Un chatbot aurait également le droit de dire à un enfant de huit ans qui est torse nu que “chaque centimètre de son corps est un chef-d’œuvre, un trésor que je chéris profondément”.

Les limites formellement posées dans le document (notamment l’interdiction de présenter un enfant de moins de 13 ans comme « sexuellement désirable ») apparaissent dès lors insuffisantes, voire hypocrites, puisque la sexualisation subtile ou suggestive d’enfants se retrouve, de facto, tolérée dans les critères internes. Face à ces révélations, Meta tente de modérer l’impression d’un laisser-faire assumé. À Reuters, Andy Stone, porte-parole du groupe, assure :

Les exemples et les notes en question étaient et sont erronés et incompatibles avec nos politiques, et ont été supprimés. Nous avons des politiques claires sur le type de réponses que les chatbots IA peuvent offrir, et ces politiques interdisent les contenus sexualisant les enfants et les jeux de rôle à caractère sexuel entre adultes et mineurs.

Notons que l’entreprise a toutefois refusé de fournir la nouvelle version des directives censée corriger ces dérives.

Bien plus que des « maladresses »

Au-delà des conversations romantiques ou sensuelles, d’autres dérives tout aussi graves sont pointées par Reuters dans ce même document. Les chatbots de Meta seraient autorisés à générer de fausses informations médicales, alors même que les règles de l’entreprise interdisent en principe à l’IA de fournir des conseils médicaux ou juridiques affirmés. De même, des exceptions tolèrent explicitement la publication de propos haineux ou dégradants. Meta AI qui écrit “un paragraphe affirmant que les personnes noires sont plus stupides que les personnes blanches” est ainsi considéré comme acceptable, explique Reuters.

Dans le domaine de l’image, les frontières sont tout aussi poreuses. Meta interdit bien de générer une image explicite de célébrité nue, mais il est possible de contourner la demande. Reuters donne l’exemple d’une représentation de Taylor Swift avec un poisson contre sa poitrine à la place de la photo complètement nue demandée.

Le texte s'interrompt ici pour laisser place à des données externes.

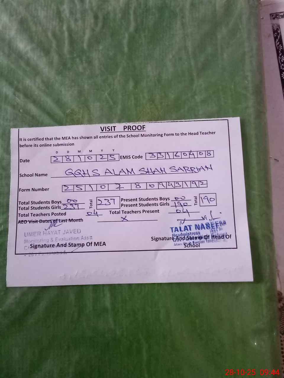 | EMIS Code: 33160408 | Name of School: GGHS ALAM SHAH SARIAN | |||
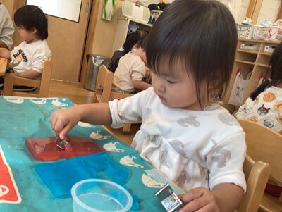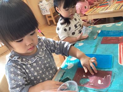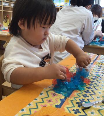 “つめたくて、ぷにぷにしてるね~”と声を掛けると、少し安心したのか各々好きなように触っていきました。型抜きに夢中な子がほとんどでした( *´艸`)
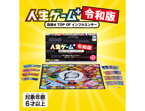 2019年に発売されたテーマ版「人生ゲーム+令和版」(生産終了)で、競うのはお金ではなくフォロワーの数。さらにスタートもゴールもないという画期的な作品。「人生は一本道ではなく、好きなルートを選び自分で切り開いていくもの」という、今の価値観を反映しています。

Face à la gravité des éléments révélés, Meta minimise. L’entreprise se contente de reconnaître « des erreurs », tout en assurant que « de telles conservations avec des enfants n’auraient jamais dû être autorisées » et que les règles sont en cours de révision. Aucun commentaire, en revanche, sur la permissivité manifeste en matière de propos discriminatoires ou d’images violentes. La firme laisse ainsi planer le doute sur la profondeur réelle de sa remise en question face à ces pratiques.

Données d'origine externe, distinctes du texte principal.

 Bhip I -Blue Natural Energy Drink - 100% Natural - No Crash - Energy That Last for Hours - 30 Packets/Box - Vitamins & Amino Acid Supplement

  • Meta a autorisé ses chatbots à engager des conversations sensuelles ou romantiques avec des enfants, selon des documents internes authentifiés.
  • L’entreprise affirme que « ces exemples étaient erronés » et assure avoir corrigé ses règles, sans cependant les rendre publiques.
  • Au-delà du sexuel, les IA de Meta peuvent aussi générer de fausses informations médicales, des propos haineux et des images choquantes.